If you’ve never tried wild garlic, you definitely should! It adds a delicious spice to dishes and can be used in many different recipes. Wild garlic pesto goes very well with pasta and gnocchi. A spoonful of wild garlic pesto also adds an aromatic flavour to a classic vinaigrette. It is a delicious spread for toasted white bread and harmonises with cheese. Mixed with yoghurt and sour cream, you get a strong, green barbecue sauce.

You can also preserve wild garlic for up to a year if you go out into the woods to look for it yourself. But enough chatting – let’s start with the recipe!

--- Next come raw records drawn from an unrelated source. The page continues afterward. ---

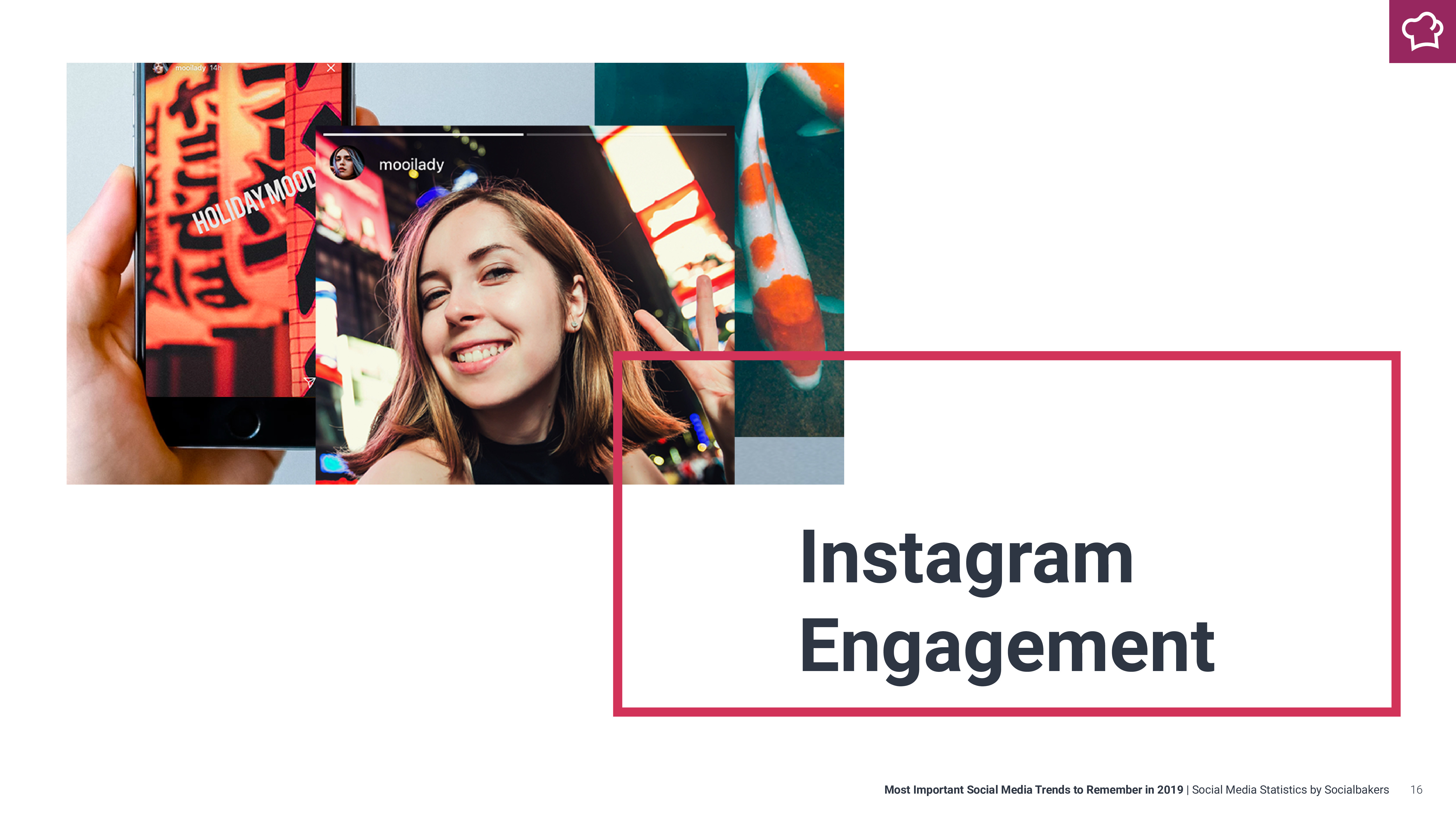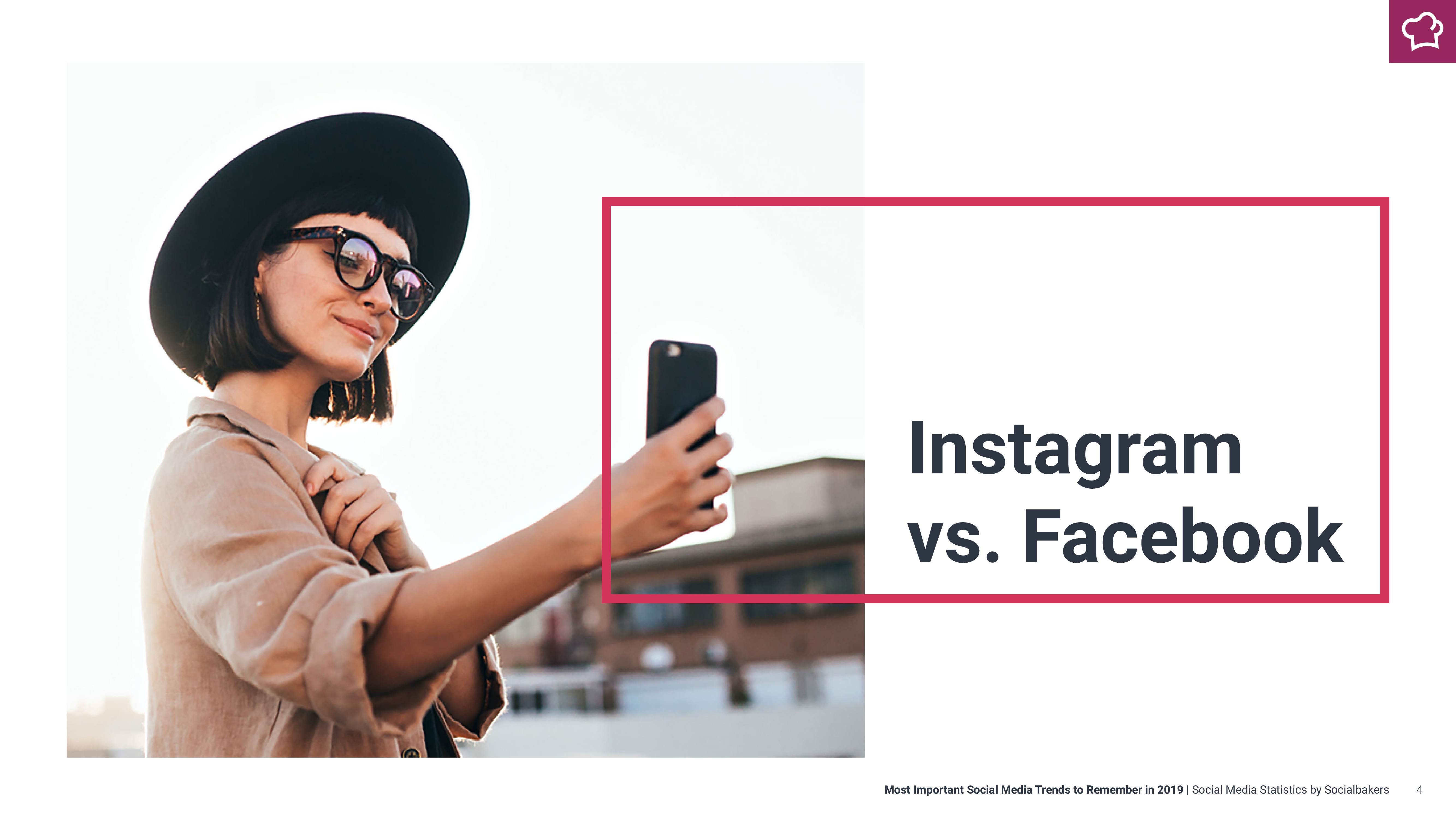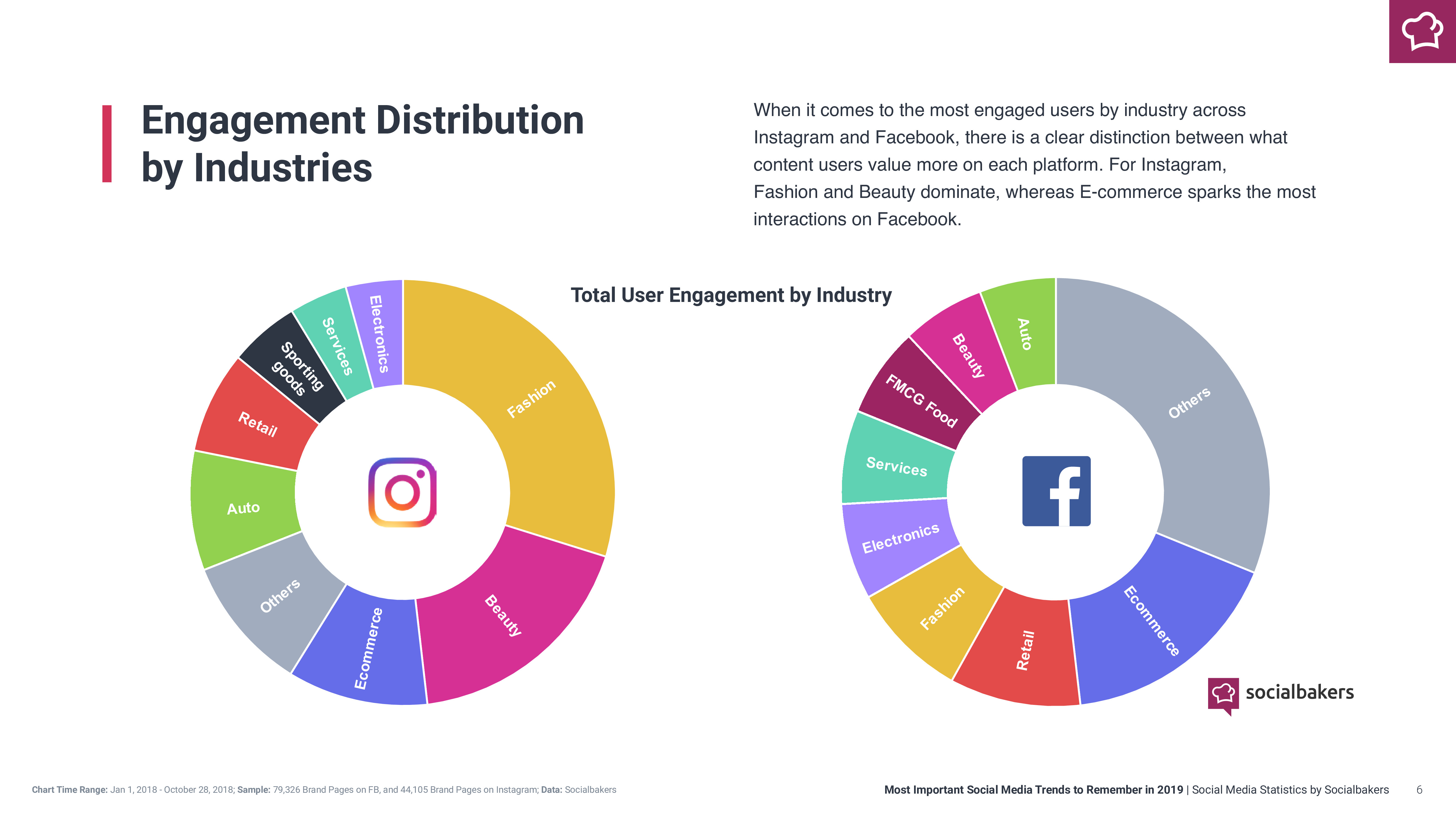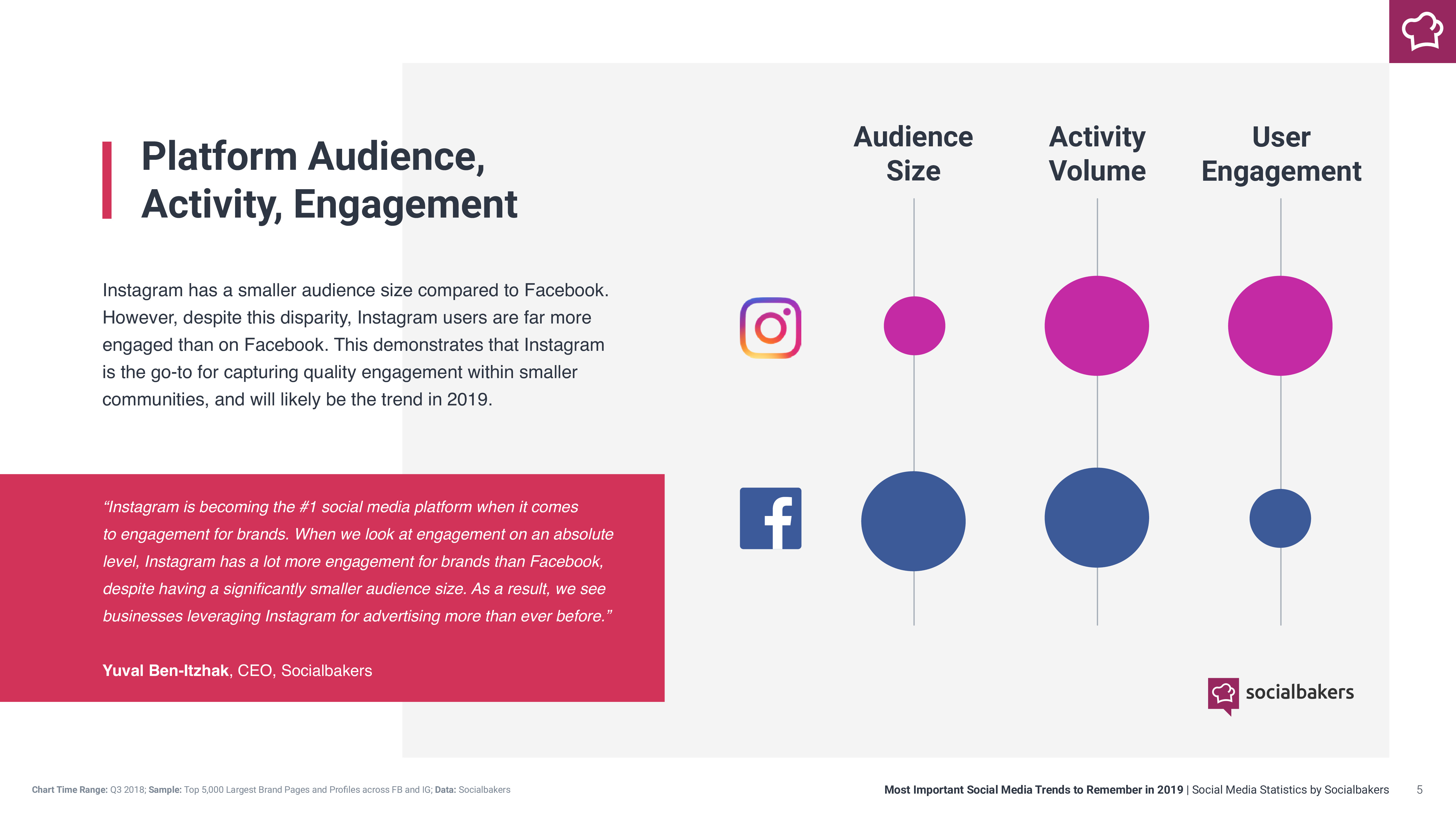 与Facebook相比,Instagram的受众规模较小。但是Instagram用户的参与度比Facebook高得多。这表明Instagram是在较小的范围内获得质量较高的参与的首选平台社区,并可能成为2019年的趋势。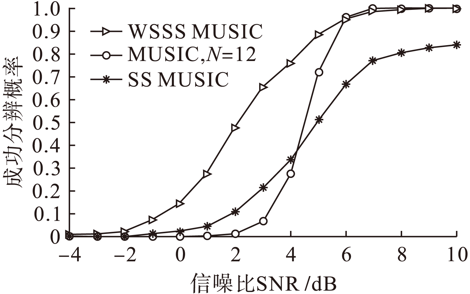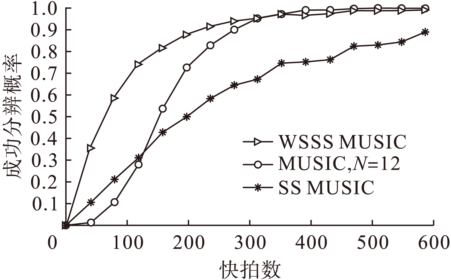 由图5可以看出,在信噪比一定的条件下,三种算法对邻近信号的成功分辨概率均随着快拍数的增加而增大.而在快拍数较少时,WSSS MUSIC算法对两个邻近信号的成功分辨概率明显优于其他两种算法,在快拍数较大时,WSSS MUSIC算法的成功分辨概率几乎和12个阵元ULA的MUSIC算法同时达到1.
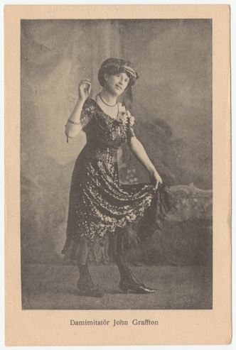Inscription: Recto: Brief note in Swedish on lower margin. Verso: Addressed to “Bevärignrekryten Herr Gustaf Nicklasson” and with a message in Swedish signed “Justina C. Svenson”. Grafton still looking plain—and still hiking up a fancy showgirl dress to display ankles and a bit of leg.Divided verso. Stamp and postmark on verso. Addressed to a “military recruit” in Germany.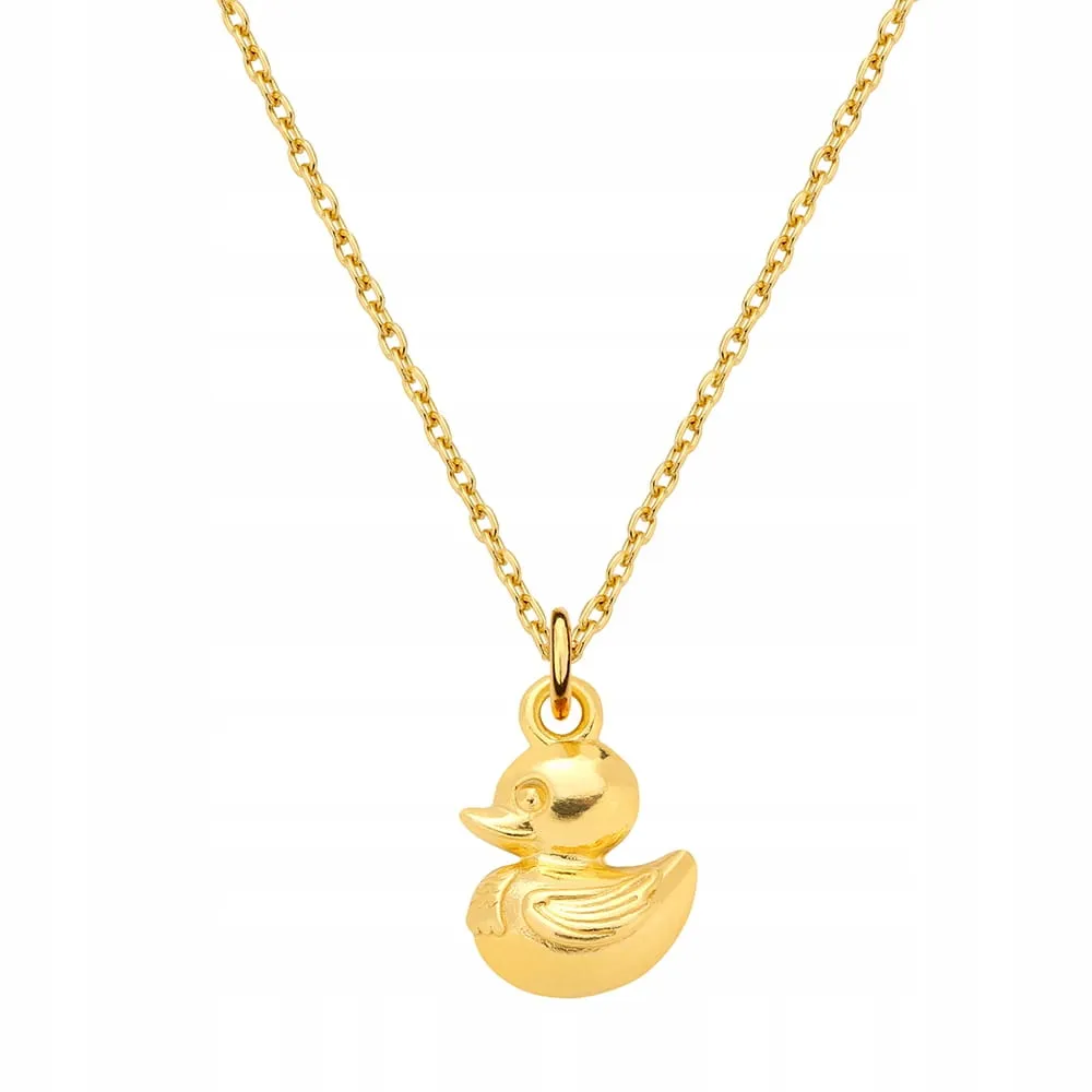 Zawieszka ze srebra próby 925 pozłacanego 24-karatowym złotem w kształcie kaczuszki. Posiada dołączone kółeczko do zawieszenia na łańcuszku. Wielkość zawieszki: 14 mm. Wewnętrzna średnica kółeczka: 3 mm Przedmiotem sprzedaży jest sama zawieszka (bez łańcuszka). |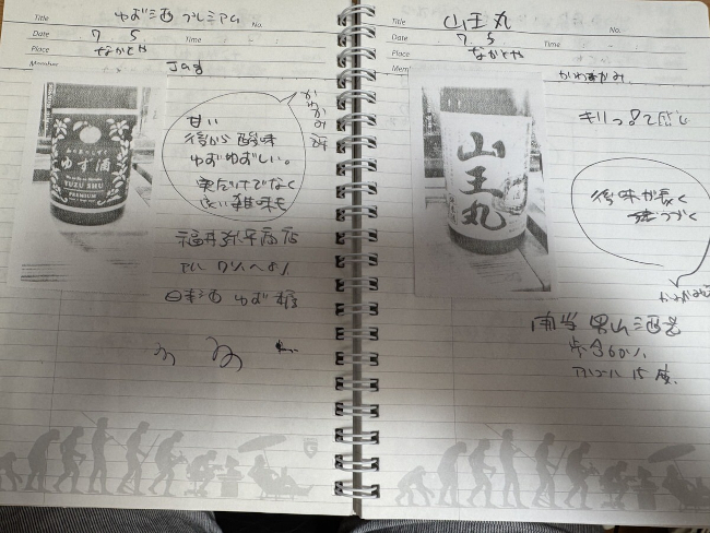 ですが、はろぷりで日本酒ノートを付けるようになってからは、一緒に飲んでいる仲間に「なにやってるの?」と面白がってもらえて、一緒に感想を考えてもらうきっかけが増えました。「紙」をプリントして貼って書く。一人でチマチマやっているよりかは、周囲の興味を引きやすい行動だと思います。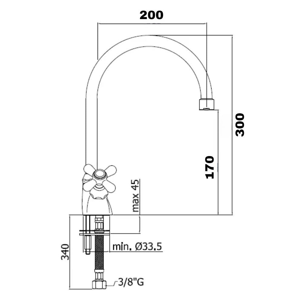Il rubinetto da cucina monoforo bicomando Paini Monaco è perfetto per il lavello della cucina. Realizzato in ottone con una finitura elegante in terra di francia, questo rubinetto aggiunge un tocco di stile e classe alla tua cucina. Con le dimensioni di 30 cm di altezza, 20 cm di larghezza e un diametro di 4,3 cm, questo rubinetto è pratico e funzionale per l'uso quotidiano.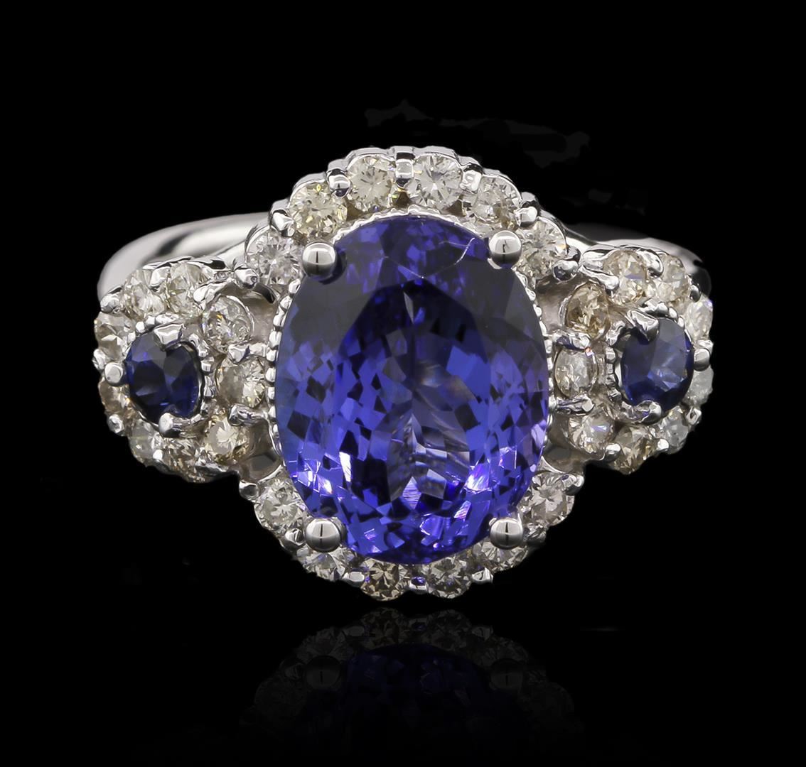One electronically tested 14KT white gold ladies cast tanzanite, sapphire and diamond ring with a bright polish finish. Identified with markings of "14K". Condition is new. Containing: One prong set oval modified brilliant cut natural tanzanite, measuring 11.00 x 8.70 x 5.66mm, approximate weight of 3.81ct., clarity is eye clean, type I, medium, moderately strong, bluish violet color, (GIA bV 5/4), cut is good. Two prong set round modified brilliant cut natural blue sapphires, measuring 3.00 - 3.00 x 1.95 mm, approximate. Total Weight of 0.28ct., clarity is moderately included, type II, medium, moderately strong, blue color, (GIA B 5/4), cut is good. Thirty prong set round brilliant cut diamonds, measuring 1.50 - 1.50 x 0.90mm (depth est.) approximate. Total Weight of 30 Stones = 0.37ct. Clarity: SI-1. Color: I - J, Cut is Good. Colored gemstones are presumed to have been subjected to commonly used enhancement processes. All diamonds and colored gemstones are graded in the mounting, unless otherwise stated. Total Weight of Colored Stones 4.09ct. Total Weight of Diamonds 0.37ct. Total Weight of Ring 6.40 grams. GGL Appraised.

Preparation time: 15 minutes



200 g wild garlic

25 g pine nuts

25 g parmesan

1 teaspoon salt


150-250 ml olive oil




  1. Wash the wild garlic. Spin dry in a salad spinner or pat dry.
  2. Then chop the wild garlic and salt in the Thermomix on speed 10 until you have a fine pulpy mixture. Keep pushing down with the scraper in between.
  3. Fry the pine nuts in a frying pan without oil until lightly brown.
  4. Add the pine nuts, oil, pepper and Parmesan to the wild garlic. Mix until you get a creamy consistency.
  5. If the pesto is too thick, add more oil.
  6. Season to taste and add more salt if necessary.
  7. Pour into prepared, boiled and sterilised jars with screw lids. Keep tapping on a folded tea towel to release the air.
  8. Leave an approx. 1.5 cm rim at the top. Wipe with a kitchen towel if necessary.
  9. Cover with the oil so that no more bear’s garlic peeks out.




You can also freeze the finished pesto in portions to preserve it. The pine nuts can be replaced by sunflower seeds or various types of nuts if necessary, and you can also experiment with other types of oil and cheese to achieve different flavours.